[Start of section]

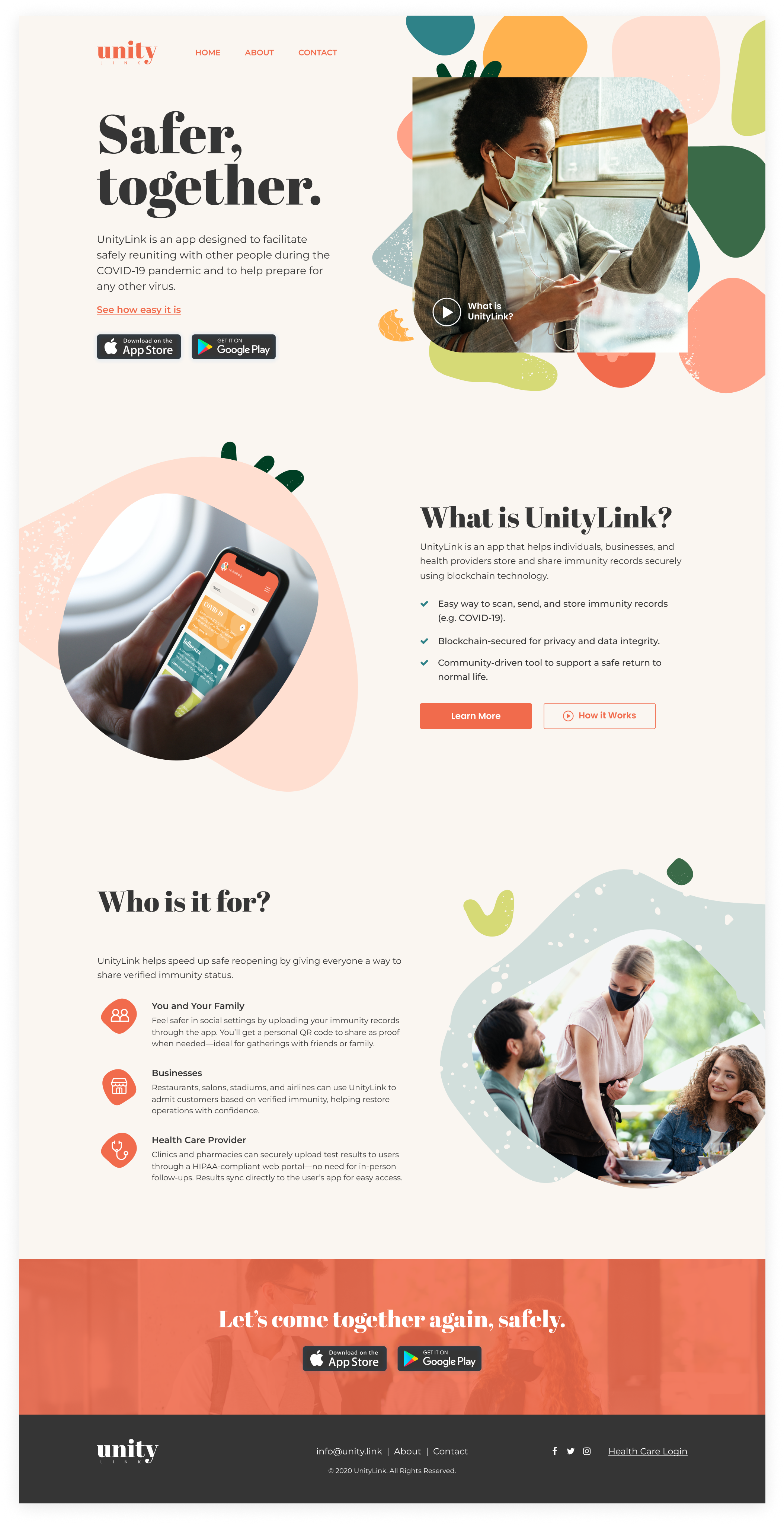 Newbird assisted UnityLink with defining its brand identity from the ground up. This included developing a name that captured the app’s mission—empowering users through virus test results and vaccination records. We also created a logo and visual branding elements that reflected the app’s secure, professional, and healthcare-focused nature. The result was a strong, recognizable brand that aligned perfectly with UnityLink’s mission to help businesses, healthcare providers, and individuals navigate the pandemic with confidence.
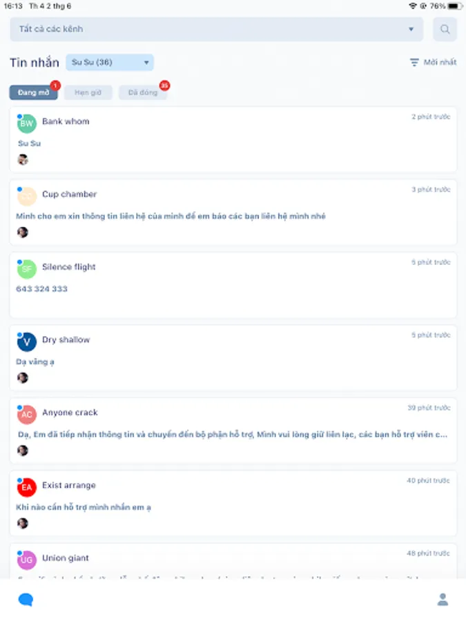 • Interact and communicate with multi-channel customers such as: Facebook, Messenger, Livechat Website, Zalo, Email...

[End of section]
[Start of section]

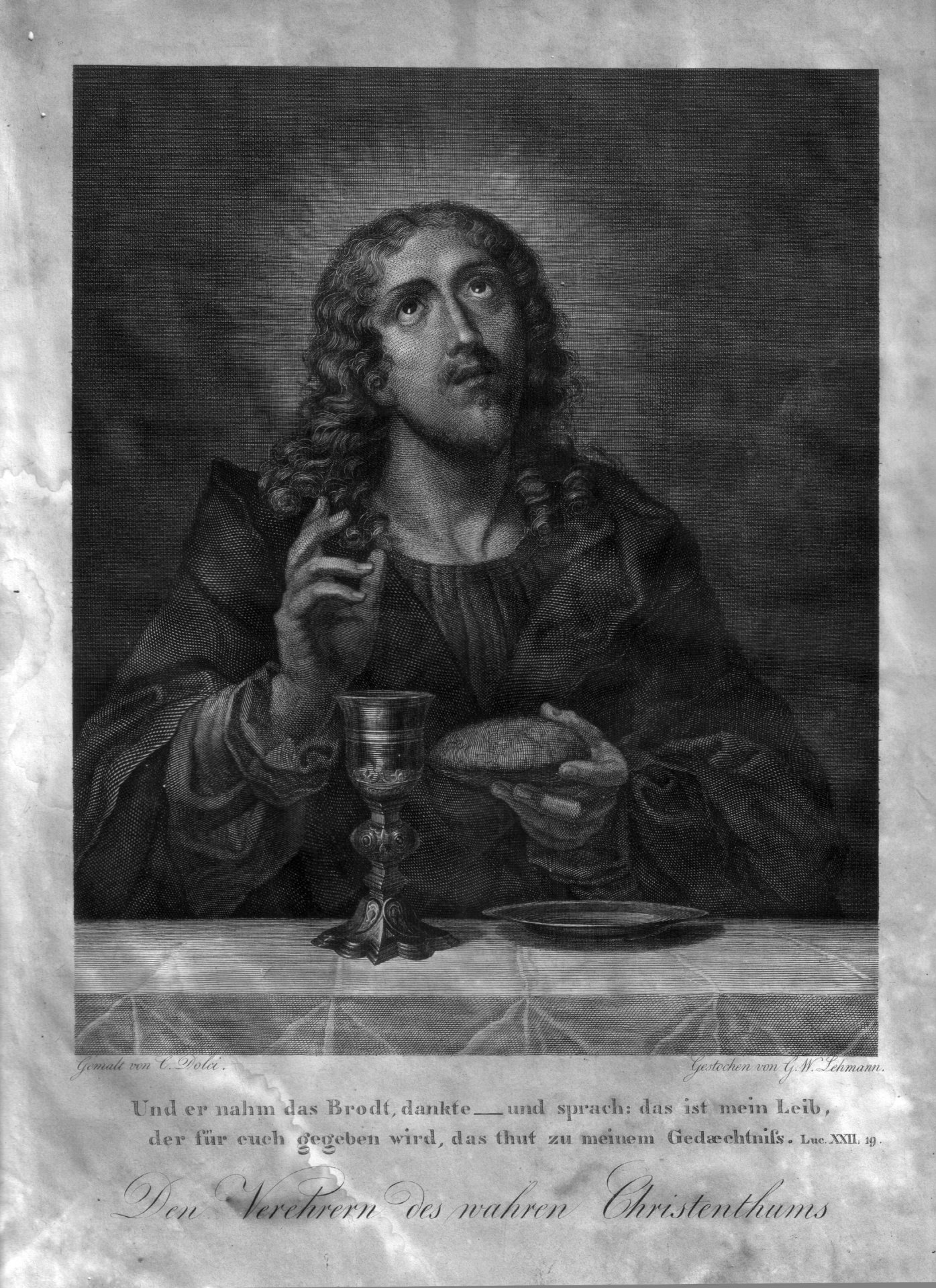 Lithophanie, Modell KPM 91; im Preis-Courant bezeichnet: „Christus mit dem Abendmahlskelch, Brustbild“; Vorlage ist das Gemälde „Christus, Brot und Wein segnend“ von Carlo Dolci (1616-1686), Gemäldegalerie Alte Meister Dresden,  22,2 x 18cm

[End of section]
[Start of section]

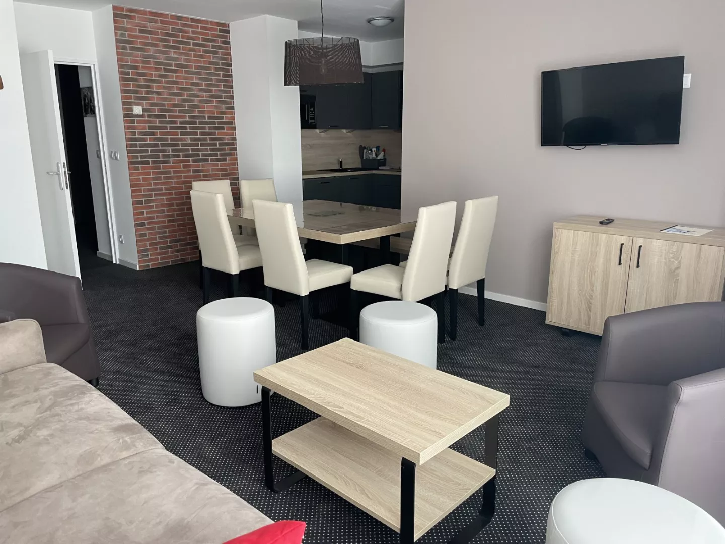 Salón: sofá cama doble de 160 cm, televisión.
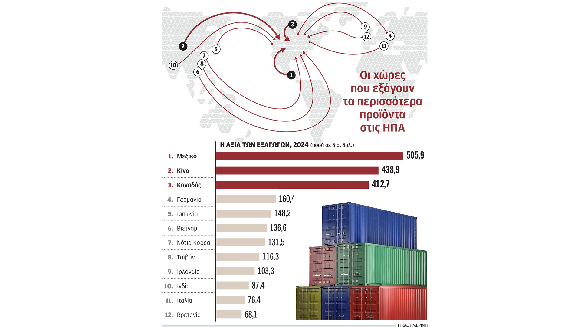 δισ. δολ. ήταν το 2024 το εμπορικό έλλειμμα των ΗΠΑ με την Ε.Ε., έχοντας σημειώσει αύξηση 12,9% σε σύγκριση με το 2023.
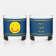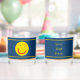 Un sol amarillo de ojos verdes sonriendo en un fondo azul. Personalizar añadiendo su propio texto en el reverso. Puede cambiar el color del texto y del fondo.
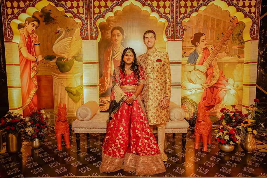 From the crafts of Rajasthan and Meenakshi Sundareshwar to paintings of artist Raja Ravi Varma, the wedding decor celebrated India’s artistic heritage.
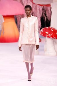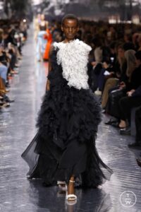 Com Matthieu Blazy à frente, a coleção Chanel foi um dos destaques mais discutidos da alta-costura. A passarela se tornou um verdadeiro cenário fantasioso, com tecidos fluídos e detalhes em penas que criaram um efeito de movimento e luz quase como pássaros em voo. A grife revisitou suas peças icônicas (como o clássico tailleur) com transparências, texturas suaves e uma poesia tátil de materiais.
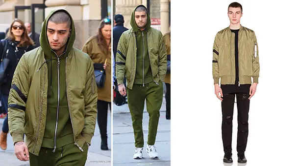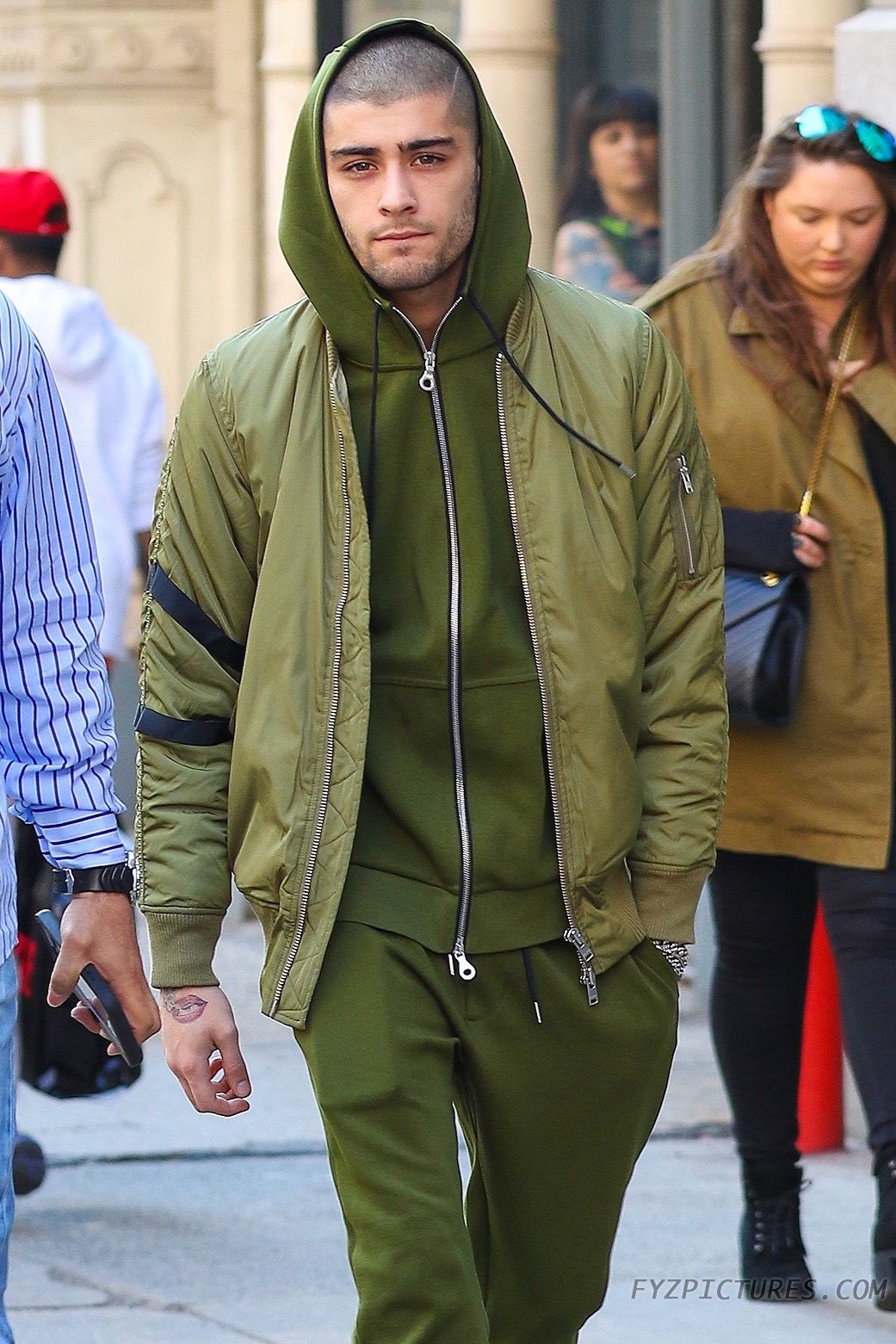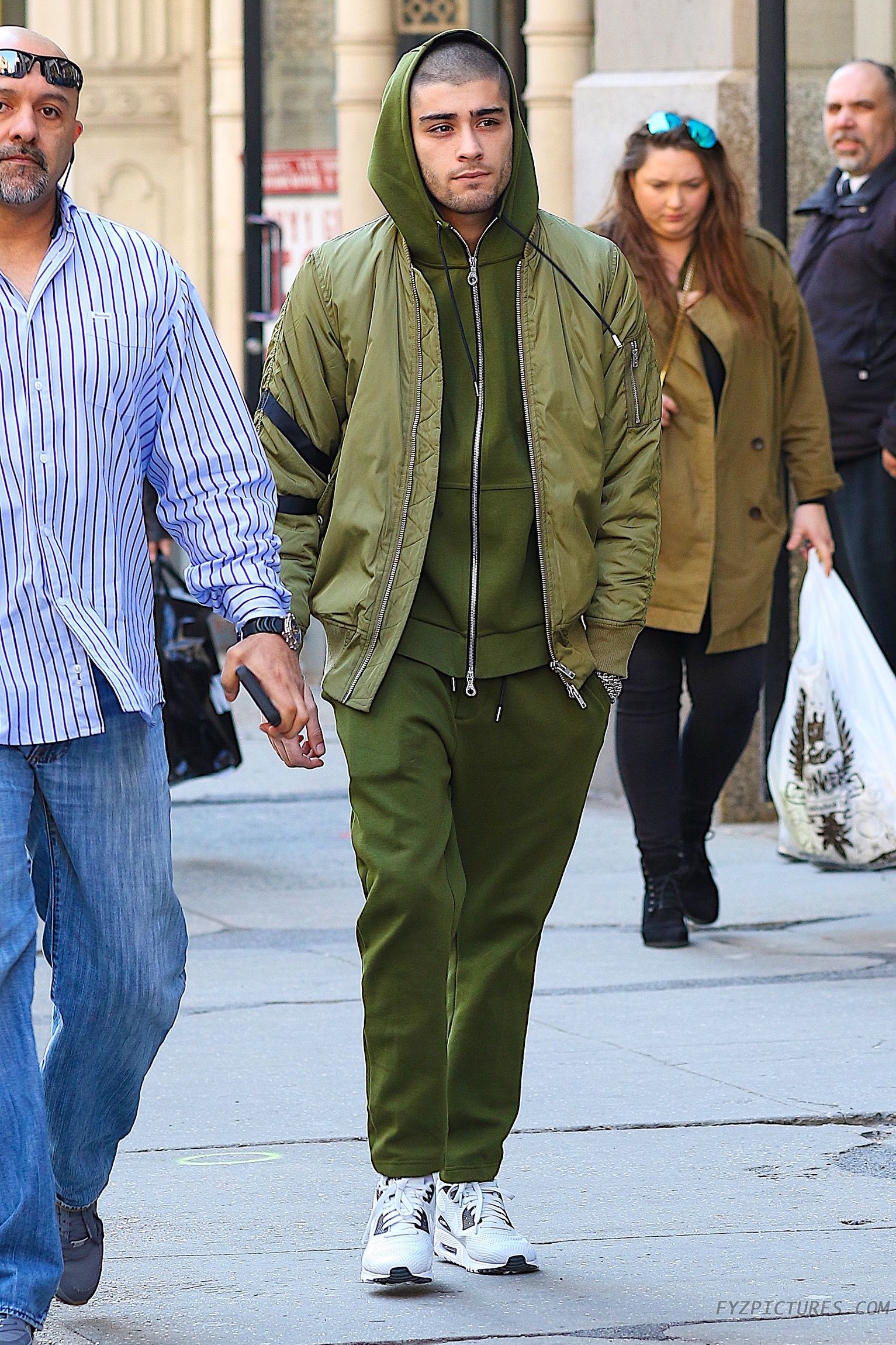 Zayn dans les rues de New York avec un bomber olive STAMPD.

[End of section]

Your goal ▸ Set down again, exactly, every line above from the one with "From the crafts" down to the one with "Zayn dans les", both ends included. No pictures, and nothing else.

Response to this task ▸
 From the crafts of Rajasthan and Meenakshi Sundareshwar to paintings of artist Raja Ravi Varma, the wedding decor celebrated India’s artistic heritage.
 Com Matthieu Blazy à frente, a coleção Chanel foi um dos destaques mais discutidos da alta-costura. A passarela se tornou um verdadeiro cenário fantasioso, com tecidos fluídos e detalhes em penas que criaram um efeito de movimento e luz quase como pássaros em voo. A grife revisitou suas peças icônicas (como o clássico tailleur) com transparências, texturas suaves e uma poesia tátil de materiais.
 Zayn dans les rues de New York avec un bomber olive STAMPD.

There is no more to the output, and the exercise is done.